并行不悖 Paralel ama çelişkili değil
Explanation
指两件事同时进行,并不互相抵触,可以一起发展。
İki şeyin birbirine aykırı olmadan aynı anda gerçekleşmesini ve birlikte gelişebilmesini ifade eder.
Origin Story
话说古代有一位老农,他家既养鸡又种田。别人都说养鸡和种田会占用时间,互相冲突,难以兼顾。但老农却说:“养鸡种田,并行不悖!”他每天清晨先去田里劳作,中午回家喂鸡,下午再回田里。鸡粪用来肥田,粮食养活鸡。就这样,他的鸡越来越多,粮食也越来越多,生活越过越红火。他用自己的实际行动证明,养鸡和种田不仅不相冲突,反而相得益彰,共同促进了他的生活富裕。这便是“并行不悖”的生动写照,体现了事物之间相互协调发展的可能性,也启示我们,要学会统筹兼顾,在多方面努力的同时,取得更大的成功。

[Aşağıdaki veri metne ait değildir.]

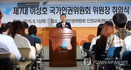 | △ 취임사 하는 이성호 신임 국가인권위원장 (서울=연합뉴스) 박동주 기자 = 이성호 신임 국가인권위원장이 13일 오후 서울 중구 인권위에서 열린 취임식에서 취임사를 하고 있다. 2015.8.13 pdj6635@yna.co.kr |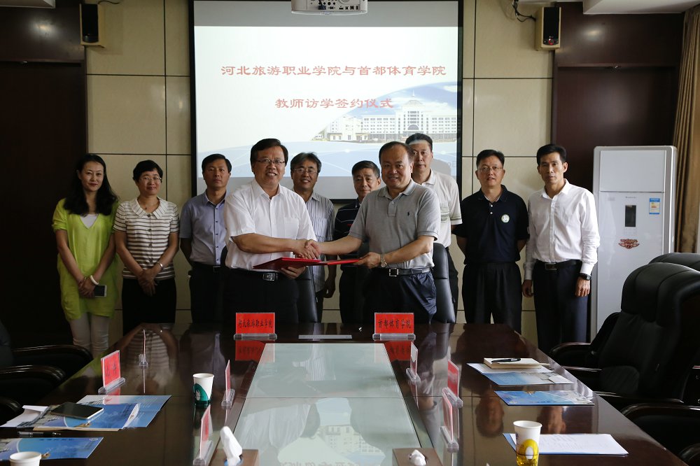 会后双方签署了教师访学合作协议,这也是落实“京津冀体育健身休闲发展协同创新中心”项目的重要举措。此次访谈由科研处组织,旅游外语系、旅行社管理系、旅游管理系及教务处相关人员参加了座谈会。(科研处供稿)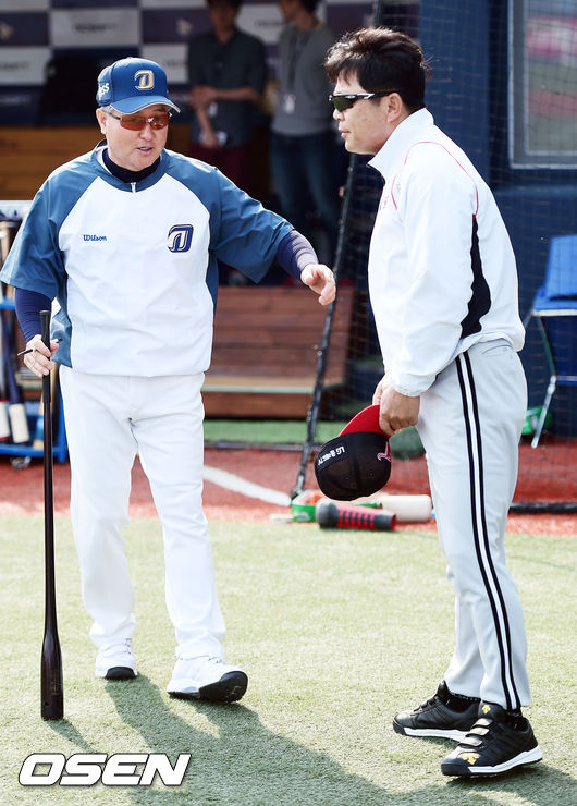 24일 오후 창원시 마산구장에서 열리는'2015 타이어뱅크 KBO리그' NC 다이노스와 LG 트윈스의 경기에 앞서 LG 양상문 감독과 NC 김경문 감독이 악수를 나누고 있다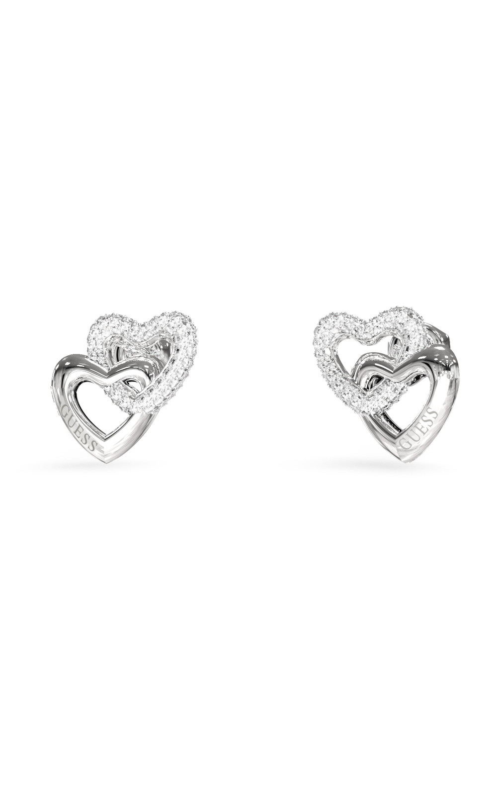 Γυναικεία σκουλαρίκια GUESS STEEL, ασημένια με σχέδιο καρδιές, πέτρες και λογότυπο(1,5cm).

Eskiden tavuk besleyip tarla süren yaşlı bir çiftçi varmış. Diğerleri tavuk beslemenin ve tarla sürmenin zaman alacağını, birbirleriyle çelişeceğini ve ikisinin de dengelemenin zor olacağını söylermiş. Ama yaşlı çiftçi demiş ki: “Tavuk beslemek ve tarla sürmek birbirini dışlamaz!” Her sabah önce tarlada çalışırmış, öğlen evine gidip tavuklarını beslermiş ve öğleden sonra tekrar tarlaya dönermiş. Tavuk gübresi tarlayı gübrelemek için kullanılır, tahıl da tavukları beslermiş. Bu şekilde tavukları artmış, tahılı da artmış ve hayatı daha müreffeh olmuş. Kendi eylemleriyle tavuk beslemenin ve tarla sürmenin sadece çelişmediğini, aksine birbirini tamamladığını ve birlikte refahını artırdığını kanıtlamış. Bu, “paralel ama çelişkili değil”in canlı bir tasviridir; şeylerin karşılıklı koordinasyonlu gelişme olasılığını yansıtır ve aynı zamanda bize çok sayıda alanda çaba sarf ederken daha büyük başarılar elde etmek için çabalarımızı nasıl koordine edeceğimizi öğrenmemizi hatırlatır.
Usage
形容两件事物可以同时进行,互不冲突。
Birbirine aykırı olmadan aynı anda gerçekleşebilen iki şeyi tanımlar.
Examples
-
国家发展和人民生活水平提高这两件事可以并行不悖。
guojia fazhan he renmin shenghuoshui pingtigao zhe liang jianshi keyi bingxing bu bei
Ülkenin gelişimi ve halkın yaşam standartlarının yükselmesi paralel olarak ilerleyebilir.
-
科技进步与环境保护可以并行不悖,并不矛盾。
keji jinbu yu huanjing baohu keyi bingxing bu bei, bing bu maodun
Teknolojik gelişmeler ve çevre koruma birbirleriyle çelişmez, paralel olarak ilerleyebilirler.